Olthof Sigrid B H, Tureen Tahmeed, Tran Lam, Brennan Benjamin, Winograd Blair, Zernicke Ronald F
School of Sport and Exercise Sciences, Liverpool John Moores University, Liverpool, United Kingdom.
Exercise and Sport Science Initiative, University of Michigan, Ann Arbor, MI, United States.
Front Sports Act Living. 2021 Dec 15;3:670018. doi: 10.3389/fspor.2021.670018. eCollection 2021.

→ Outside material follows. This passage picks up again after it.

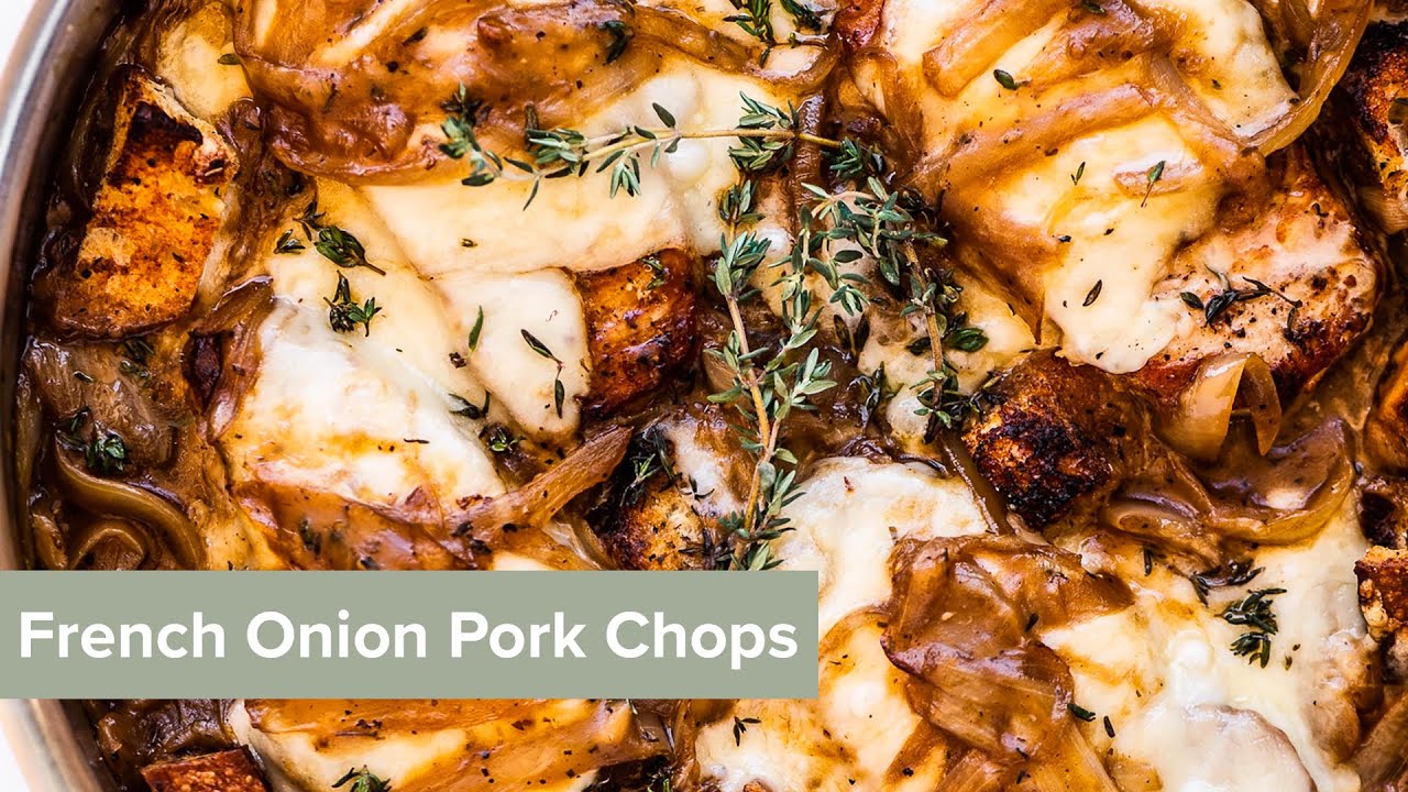 These French onion pork chops combine the classic, bold flavors of french onion soup with juicy, smothered pork chops. This ultimately comforting one-pot meal has everything you love about a cheesy bowl of french onion soup – onions slowly caramelized in wine, French herbs, crunchy croutons, and gooey Gruyere and Swiss cheese.
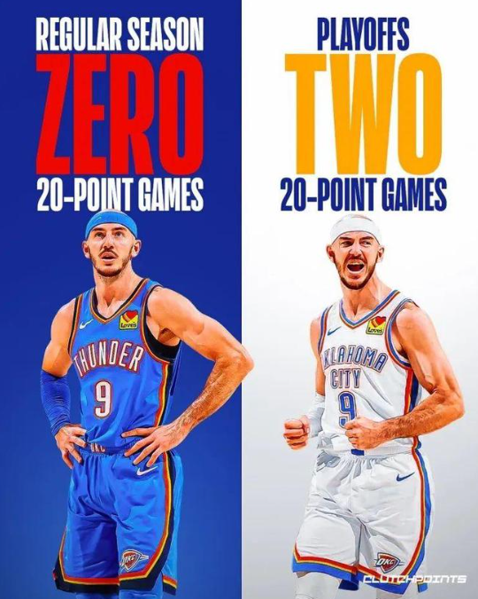 亚历山大本赛季迄今是丰收的一年,常规赛MVP,得分王,最佳一阵,季后赛西部冠军+MVP,现在他距离捧起总冠军只差最后4场胜利,相信他会和队友一起坚持战斗到底。

Basketball games and training sessions are characterized by quick actions and many scoring attempts, which pose biomechanical loads on the bodies of the players. Inertial Measurement Units (IMUs) capture these biomechanical loads as PlayerLoad and Inertial Movement Analysis (IMA) and teams collect those data to monitor adaptations to training schedules. However, the association of biomechanical loads with game performance is a relatively unexplored area. The aims of the current study were to determine the statistical relations between biomechanical loads in games and training with game performance. Biomechanical training and game load measures and player-level and team-level game stats from one college basketball team of two seasons were included in the dataset. The training loads were obtained on the days before gameday. A three-step analysis pipeline modeled: (i) relations between team-level game stats and the win/loss probabilities of the team, (ii) associations between the player-level training and game loads and their game stats, and (iii) associations between player-level training loads and game loads. The results showed that offensive and defensive game stats increased the odds of winning, but several stats were subject to positional and individual performance variability. Further analyses, therefore, included total points [PTS], two-point field goals, and defensive rebounds (DEF REB) that were less subject to those influences. Increases in game loads were significantly associated with game stats. In addition, training loads significantly affected the game loads in the following game. In particular, increased loads 2 days before the game resulted in increased expected game loads. Those findings suggested that biomechanical loads were good predictors for game performance. Specifically, the game loads were good predictors for game stats, and training loads 2 days before gameday were good predictors for the expected game load. The current analyses accounted for the variation in loads of players and stats that enabled modeling the expected game performance for each individual. Coaches, trainers, and sports scientists can use these findings to further optimize training plans and possibly make in-game decisions for individual player performance.
篮球比赛和训练的特点是动作迅速且有许多得分尝试,这会给球员身体带来生物力学负荷。惯性测量单元(IMU)将这些生物力学负荷作为球员负荷和惯性运动分析(IMA)进行捕捉,各球队收集这些数据以监测对训练计划的适应性。然而,生物力学负荷与比赛表现之间的关联是一个相对未被探索的领域。本研究的目的是确定比赛和训练中的生物力学负荷与比赛表现之间的统计关系。数据集中包括了一支大学篮球队两个赛季的生物力学训练和比赛负荷测量数据,以及球员层面和球队层面的比赛数据统计。训练负荷是在比赛日前一天获取的。采用了一个三步分析流程进行建模:(i)球队层面比赛数据统计与球队胜负概率之间的关系;(ii)球员层面训练和比赛负荷与其比赛数据统计之间的关联;(iii)球员层面训练负荷与比赛负荷之间的关联。结果表明,进攻和防守比赛数据统计增加了获胜的几率,但有几项数据统计受位置和个人表现差异的影响。因此,进一步的分析纳入了总得分[PTS]、两分球投篮命中数和防守篮板(DEF REB),这些数据受上述影响较小。比赛负荷的增加与比赛数据统计显著相关。此外,训练负荷对接下来比赛中的比赛负荷有显著影响。特别是,比赛前两天负荷的增加导致预期比赛负荷增加。这些发现表明,生物力学负荷是比赛表现的良好预测指标。具体而言,比赛负荷是比赛数据统计的良好预测指标,比赛日前两天的训练负荷是预期比赛负荷的良好预测指标。当前的分析考虑了球员负荷和数据统计的变化,从而能够为每个个体建模预期比赛表现。教练、训练师和体育科学家可以利用这些发现进一步优化训练计划,并可能针对球员的个人表现做出赛中决策。